La cobertura mediática sobre “Born to Run” se centró en la descripción que hizo Bruce de su larga batalla contra la depresión. Los críticos encontraron irónico que alguien que puso todo lo que tenía en una ofrenda de exaltación de cuatro horas de duración sufriera de una enfermedad que puede encerrarlo en un mundo profundo y oscuro. Pero como alguien que vive con depresión, lo entendí. La depresión es un monstruo; A veces ese monstruo es Shrek y otras veces es Godzilla. Rezas por los días de Shrek, pero te preparas para los días de Godzilla, desplegando todas las armas de tu arsenal para mantener a Godzilla fuera de tu rastro. Y si eso significa, para Bruce, un solo de guitarra abrasador, un rugido desgarrador, una banda que amplifica tu dolor, y si te lleva cuatro horas, noche tras noche, ciudad tras ciudad, entonces lo haces.
Con “Springsteen on Broadway”, Bruce exploró su música para una exploración más profunda de su proceso y evolución como artista, reinventando sus canciones para adaptarlas a la sensibilidad de un entonces sexagenario que ha visto, sentido y vivido.
Revelación completa: vi “Springsteen on Broadway” a 3000 millas de Broadway, en la comodidad de mi sala de estar en Los Ángeles, en Netflix. Así como leer un libro es un intercambio profundamente personal entre autor y lector, ver a Springsteen en Broadway me permitió involucrarme en el viaje psicológico/emocional/artístico de Bruce. No hay necesidad de bailar en la oscuridad. Simplemente procesándolo por mi cuenta.
Esta manifestación de vulnerabilidad, de excavación personal, inspiró una nueva apreciación, una conexión diferente: con un artista al servicio y en plena lealtad a su arte, que todavía está buscando, sigue buscando y que está dispuesto a interrogar los misterios y maravillas. de su larga odisea, y todo lo que creó y compartió a lo largo del camino.

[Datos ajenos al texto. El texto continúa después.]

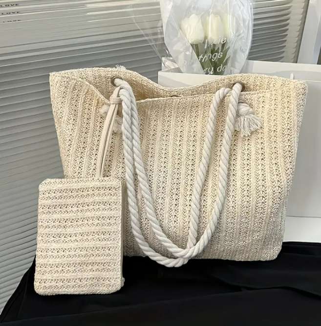 CONJUNTO DE BOLSO TEJIDO GRANDE PARA MUJER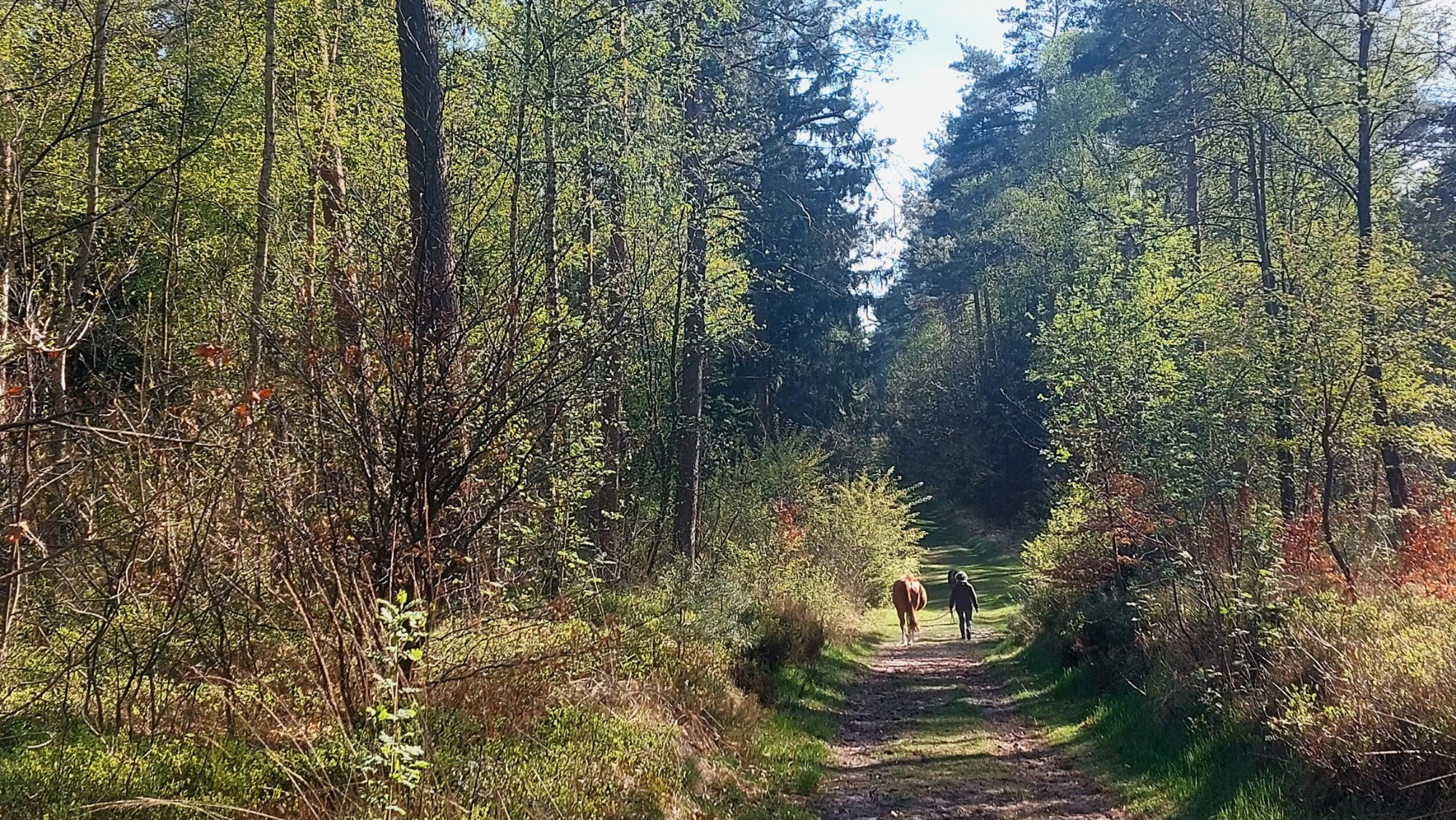 Osterspaziergang gestern durch ( schon längst ) vom Eise befreiten Forst - frisches Birkengrün, Pferd, Sternmiere.

Todos tenemos capítulos en nuestras narrativas actuales que preferiríamos dejar cerrados y sin examinar. Pero Bruce estaba más que dispuesto a ir allí. Si bien mi fandom adolescente fue motivo de escape, júbilo y empoderamiento, mi aprecio de mediana edad me ha inspirado a reexaminar mis propias páginas traseras en busca de verdades más profundas sobre dónde he estado y hacia dónde voy.
El ícono del rock que una vez me tuvo esclavizado es hoy una mayor inspiración como ser humano, dotado de debilidades y gracia, oscuridad y luz, demonios y ángeles, en igual medida.
Tom White es un escritor y editor que vive en Los Ángeles. Esto fue escrito paraZócalo Public Square.